We stepped into the Kotli. There was no floor left, only grass and pebbles where once thick carpets, perhaps, had covered the stone tiling. But Lakshman's flashlight danced across the walls and ceilings, illuminating them for me. “Look,” he breathed, and I followed the torch beam to a patch of marble that still clung to the stone, the fading lines of an artist's decorative flourish visible across its surface. The flashlight traced the vaulting lines of a nave, then moved to a delicate pattern in the stone above a paneless window, then settled on a niche where a long-ago resident might once have placed his oil lamp.

“It's marvelous,” I said.

“Come upstairs,” Lakshman said urgently. “Before the sunset disappears entirely.”

He pulled me to the stairs, his hand insistent in mine. Part of the roof had long since disappeared, and much of the upper floor was a long open space, ending in a half-wall, like a battlement. I began to walk toward it, intending to stand at the edge, the breeze in my hair, and watch the sun set over the river. But Lakshman pulled me back.

“No,” he said. “There's a better place.”

He walked to the right of the roof floor, the beam of his flashlight dancing, until it caught the dull glint of a padlock. This was attached to a bolted wooden door, clearly a later addition to the premises.

“Only the district magistrate has the key.” Lakshman laughed, gaily pulling a bunch from his pocket. He turned the key, extracted the lock, and pulled back the screeching bolt. “Follow me,” he said, and pushed the door open.

We stepped into a little room, no larger than a vestry. To the left was a rectangular opening in the wall, a window of sorts, through which the river and the sky were visible, framed as in a painting.

“Come and sit here,” Lakshman said.

I sat gingerly where he indicated, on a raised stone slab in an alcove where perhaps a bed had once lain. Lakshman sat beside me, crossing his legs contentedly. There was an expression on his face I hadn't seen before, one of barely suppressed excitement.

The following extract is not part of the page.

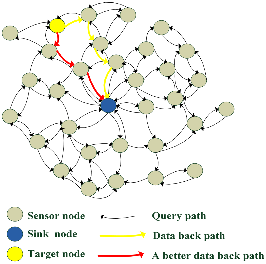 In the basic flooding strategy, if the target node wants to send data back, the query packet should record path information in the packet. As the query packet becomes larger and larger, it costs more and more energy to transmit the packet. The path information in the query packet is not the best path between the target node and the sink node. In Figure 2, the data packet may go back to the sink node via the yellow path, but the red path is a better solution.

Anticipation suffused his breathing. “Look,” he said, pointing with his flashlight, and then switching it off.

I looked, and felt my blood tingle. Directly across from us a mirror had been hung on the wall. It was pitted black with age in places, but it still served, a silvery glint upon the stone. When Lakshman's beam of light went off, the scene filtering in through the rectangular window was reflected brilliantly in the mirror.

“Now you can watch your first stereo sunset,” Lakshman said.

I could not say a word; all sound would have caught in my throat.

I looked out through the rectangular window and watched the saffron spread like a stain across the darkening sky, then turned my eyes and saw the colors incandesce in the mirror. Outside the air was thick with the scent of gulmohur and bougainvillea, which seeped in through the opening to mingle with the warmth of Lakshman by my side, his breathing now calm and even, his teeth flashing white beneath a happy smile.